From the smh.com
The European Central Bank took the ultimate policy leap on Thursday, launching a government bond-buying programme which will pump hundreds of billions in new money into a sagging euro zone economy.
The ECB said it would purchase sovereign debt from this March until the end of September 2016, despite opposition from Germany's Bundesbank and concerns in Berlin that it could allow spendthrift countries to slacken economic reforms.
Together with existing schemes to buy private debt and funnel hundreds of billions of euros in cheap loans to banks, the new quantitative easing programme will release 60 billion euros ($84.5 billion) a month into the economy, ECB President Mario Draghi said.

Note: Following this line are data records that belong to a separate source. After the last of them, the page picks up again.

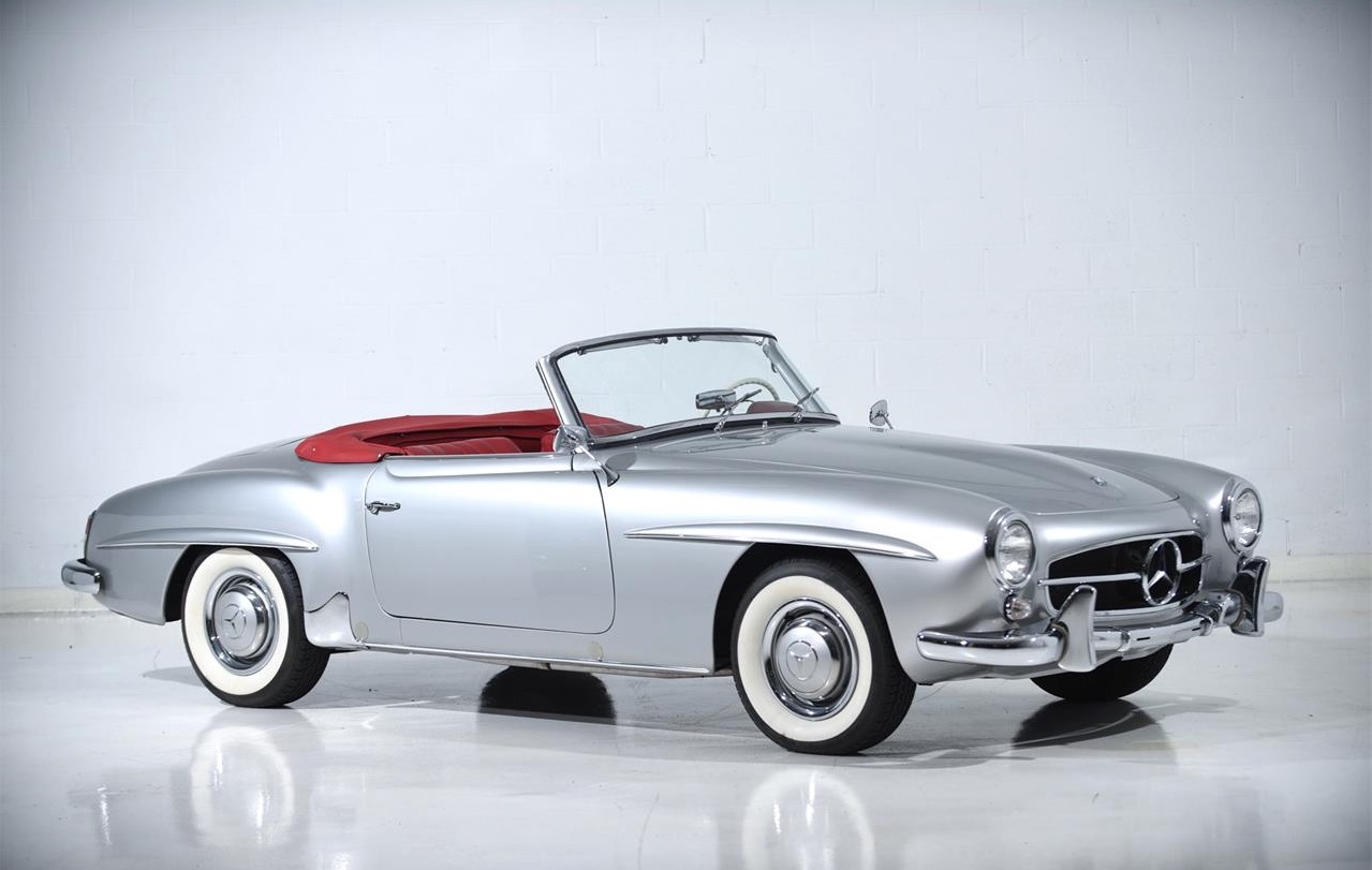 1957 Mercedes 190SL Roadster featured in silver, with a rare matching silver removable factory hard top, black convertible top, and red leather interior. The car has been subject to a complete nut amp, bolt restoration and is in excellent condition. It is all matching numbers. Having been used gently since the restoration, it is well sorted and ready for touring.
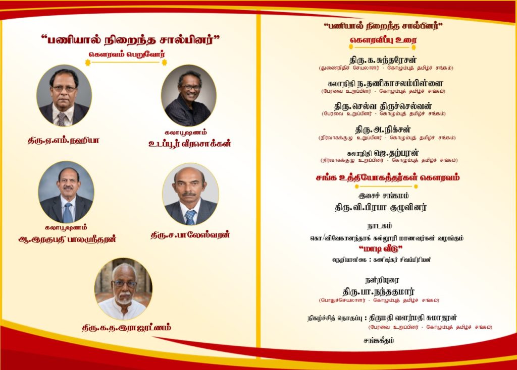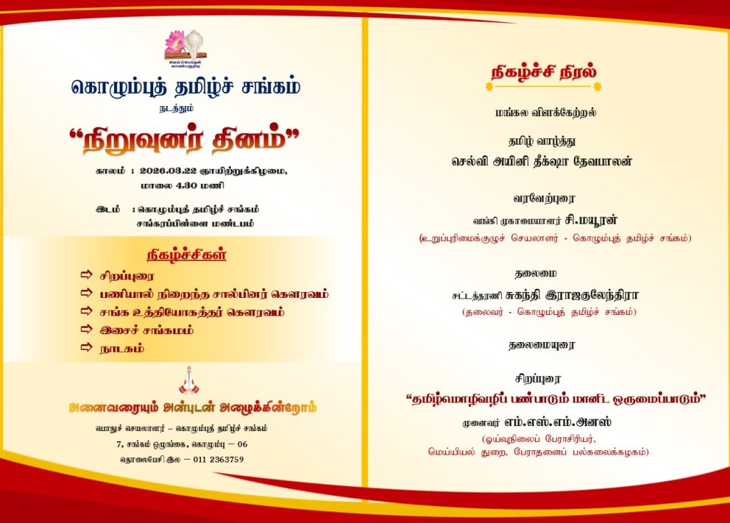 2026.03.08 ஞாயிற்றுக்கிழமை, காலை 9.30 மணி, மாலை 4.30 மணி கொழும்புத் தமிழ்ச் சங்கம் சங்கரப்பிள்ளை மண்டபத்தில் நடைபெறும்.
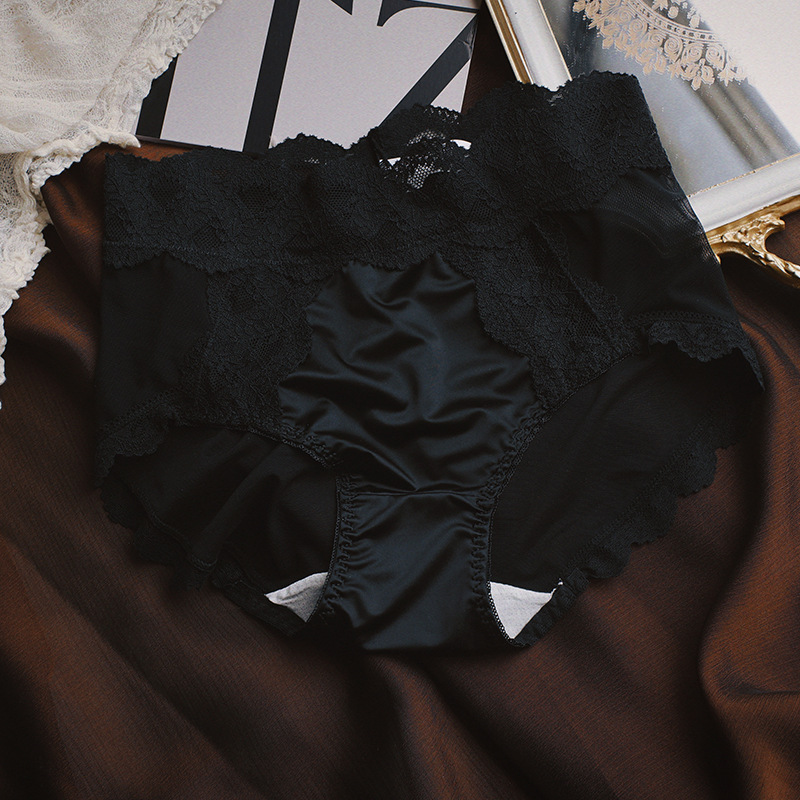 缎面蕾丝内裤女士冰丝透气桑蚕丝裆网纱包臀中高腰三角裤
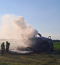 Požár řezačky v plném rozsahu na poli v katastru obce Oseček zlikvidovali profesionální hasiči z Kolína a Poděbrad ve spolupráci s dobrovolnou jednotkou Sokoleč pomocí tří vysokotlakých vodních proudů.
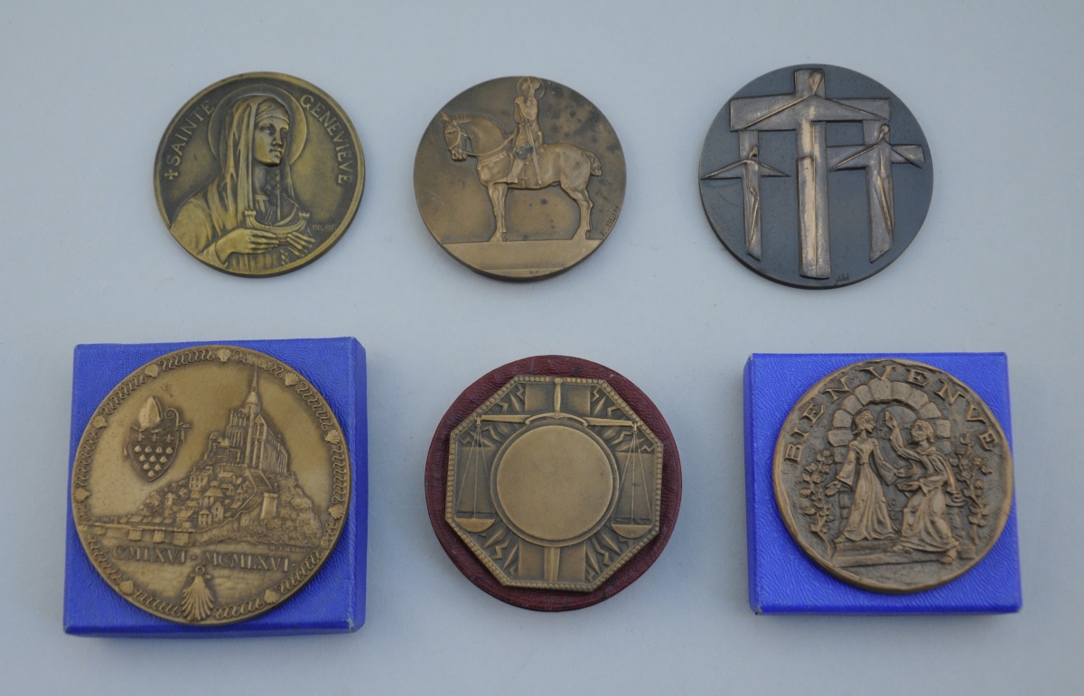 -La sixième: A/ Sainte Geneviève tenant la nef. Signature Becker. R/ Sainte Geneviève en prière. Diam. 6 cm.

By September next year, more than 1 trillion euros will have been created under quantitative easing, the ECB's last remaining major policy option for reviving economic growth and warding off deflation. The flood of money impressed markets: the euro fell more than two U.S. cents to $1.14108 on the announcement, and European shares hit seven-year highs.
As a result of the above ECB move the USD:AUD fell 0.80 and gold broke through US$1300.
Gold rose less than 1% for the trading day but with large intraday swings in London and New York trading hours.
We can all see clearly now why the Swiss de-pegged the Franc from the Euro last week, it was bad enough to bail on a falling Euro but a Euro that is being set on fire.....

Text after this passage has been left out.